I do a lot of shooting, although I do miss too. 

the 17 is a great round, near ZERO recoil, watching the bullet hit thru the scope is spectacular. 

not to mention i have a great groundhogging spot! just ask swollengoat


----------



## T-180 (Oct 18, 2005)

Almost all the hogs are gone out my way, seems the ones that come out in the open have been transformed into coyote poop !!! The farmers are happy, but I sure miss a little tune up in the summer.


----------



## ClickerCrazy (Feb 4, 2006)

talked to my Dad tonight and come to find out he owned one back in the early 70's and used it for prairie dog hunting when we lived in Texas. I guess it just isn't something you hear about much anymore, with all the new .17's out there.


----------



## eyesman_01 (Jan 4, 2007)

T-180 said:


> Almost all the hogs are gone out my way, seems the ones that come out in the open have been transformed into coyote poop !!! The farmers are happy, but I sure miss a little tune up in the summer.

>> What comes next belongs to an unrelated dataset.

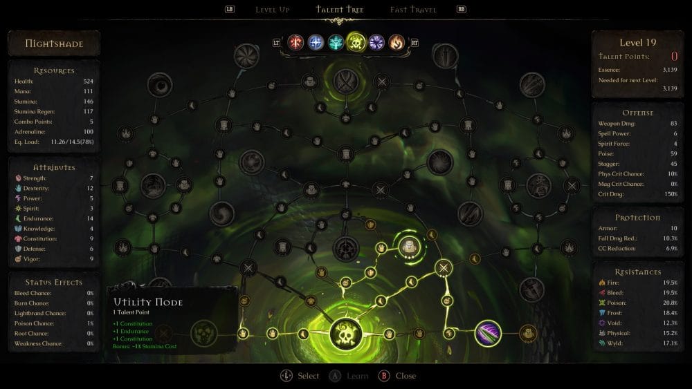 As we’re dealing with a Soulslike here, stamina management is the name of the game, and you will get locked into attack animations, so pay attention! I went with the Nightshade, an assassin that focuses on daggers and poison, so I didn’t get the chance to try out any magic, but you do unlock abilities to spice things up. You only get 2 abilities per loadout, which meant certain encounters felt a bit rote, and I don’t know if it was just a skill issue but I sometimes struggled to get my Shadowstep ability to fire despite enemies being in range and having enough Combo Points, which lead to a bit of frustration at certain points.

Coyotes make good targets also. Our hunting season closes in march, but we can legally shoot them year 'round with written permission from the property owner.


----------



## T-180 (Oct 18, 2005)

We keep after the 'yotes , but most of our time after them is with snares. Took 10 off of a 150 acre farm this winter !!! Will probably get out here in the next week or so and try calling a few.
T


----------